Chapter 23
CILLIAN
Ihand Saoirse to my mother and Maeve in the sacristy while staff strip the torn hem from her dress and wrap her in a coat. She catches my wrist before I turn away, and her eyes hold mine with the same focus she carried into my office and into gunfire.
“Don’t let him run twice,” she murmurs.
I shake my head and keep my eyes rooted on her. “I won’t.”
She replies with a wry smile first. “And don’t do something stupid to prove a point.”
I look at her stomach. “I’m long past points.”
Maeve snorts and pins Saoirse’s hair back from her face. “That answer was almost romantic. Go hunt him before you start sounding soft.”
The lower house sits under the old kitchens, stone walls, no windows, one stair in and one out.
Gavin is in the second room when I walk in, wrists tied to the chair, cheek swelling, shirt cut open where Conall checked for wires.
Nikolas stands by the table with a tablet and a paper map, and Declan leans against the wall pretending he is not enjoying himself.
Gavin lifts his head and smiles through blood. “Bride leave you already?”
I sit opposite him. “You brought men to my wedding and lost them before they cleared the chapel.
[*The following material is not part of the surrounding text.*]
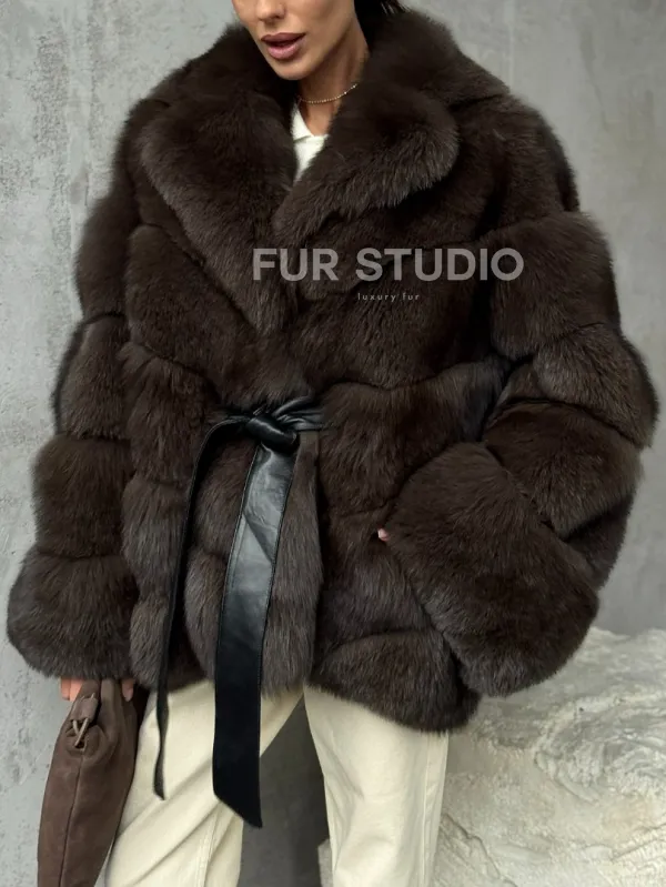 Мех данной шубы финский песец, цвет коричневый. Предлагается в размерах от 42 до 48. Длина модели 65-70 см, что выгодно подчеркивает фигуру девушек. Эта модель идеально подойдет для девушек и женщин, предпочитающих роскошные натуральные меха.

Patrick used to hire better.”
Nikolas places the recovered phone on the table. “Location pin sent to one of the shooters, then deleted. Quarry district. Two structures. Fuel buys tied to one of Patrick’s dead shell firms.”
Gavin looks away too quickly.
Declan smiles. “Timing.”
I keep my voice flat. “Give me the site, the fallback route, and the men inside, and this gets shorter.”
He spits at the floor. “You’ll do what you want anyway.”
“Yes.”
“Then I’ll keep my breath.”
I stand, move behind him, and brace both hands on the chair back so he can hear me without seeing my face. “Patrick is already moving. Nikolas has his fuel line, I have your phone, and the men you came with are dead. He sent you here to die while he packed a car.”
His shoulders twitch.
I step back into view. “Conall.”
Conall drags in the wounded pantry man and drops him to his knees beside Gavin. The boy is shaking before I ask a question.
“Who briefed you?”
“Gavin.”
Gavin lunges against the ties. “Shut up.”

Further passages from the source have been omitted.